I think this is what the movie's critics must be driving at when they accuse it of "normalization"—the movie's fetish for reporting detail necessarily means taking that detail at face value, seeing it as the inevitable product of social changes beyond our ken. It accepts ethical degradation dutifully, and restricts itself to examining the implications of that degradation insofar as they fit into the lives of its characters.
This is exactly how cultural hegemony works: it makes top-down change seem mythical, necessary and universal, reserving compassion and anger for the smallest and most ineffectual scales. Zero Dark Thirty implies that injustice is systemic and not simply interpersonal, but it's only an implication, and the only responses it can imagine to that systemic injustice are despair or, worse, obedience.

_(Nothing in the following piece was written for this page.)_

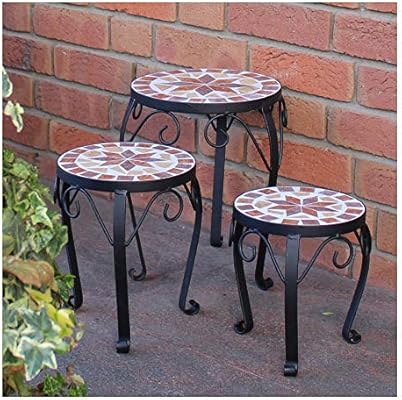 Set Of 3 Low Plant Stands 3 Mosaic Styles Europa Leisure Uk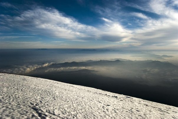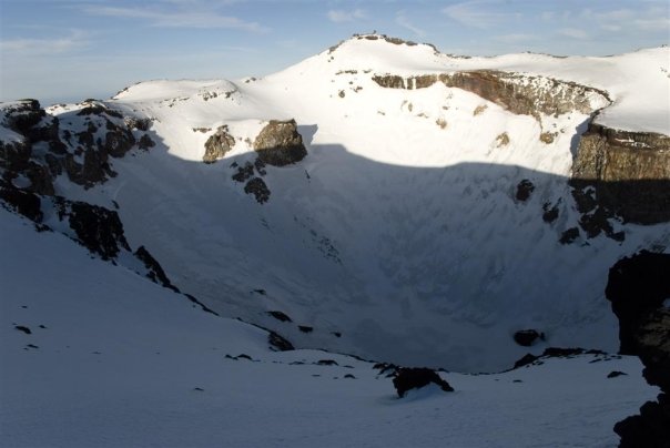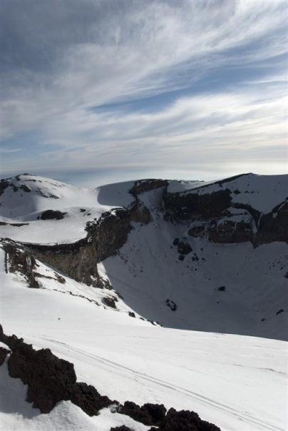 Вокруг кратера шли ещё час, уже под солнцем. Оно топило снег и мы начали в него проваливаться. Этот последний час был самым тяжёлым, хотя и самым пологим. ... |

I've taken it for granted that this movie is attempting to make a political statement about the decay of the United States, because despite protests in support of its "apolitical" nature, Bigelow's avowed pacifism and the personal tragedy of the ending convince me that the movie is, if not a social critique, at least social. In this, I think it betrays one of the most disturbing trends in liberal thinking today: even in political movies like Zero Dark Thirty, "systemic injustice" is treated as a basically unknowable force, a fog that hangs in the air or, in the case of Zero Dark Thirty, creaks in social machinery that we can't understand. It's de-historicized, de-materialized, turned into magic. This is the failure, both aesthetic and political, of Zero Dark Thirty. For all its reportage, it's really oriented towards mystification, and for all the noise it makes, it's as critical of the bureaucracy as a sheaf of paper in one of Maya's binders.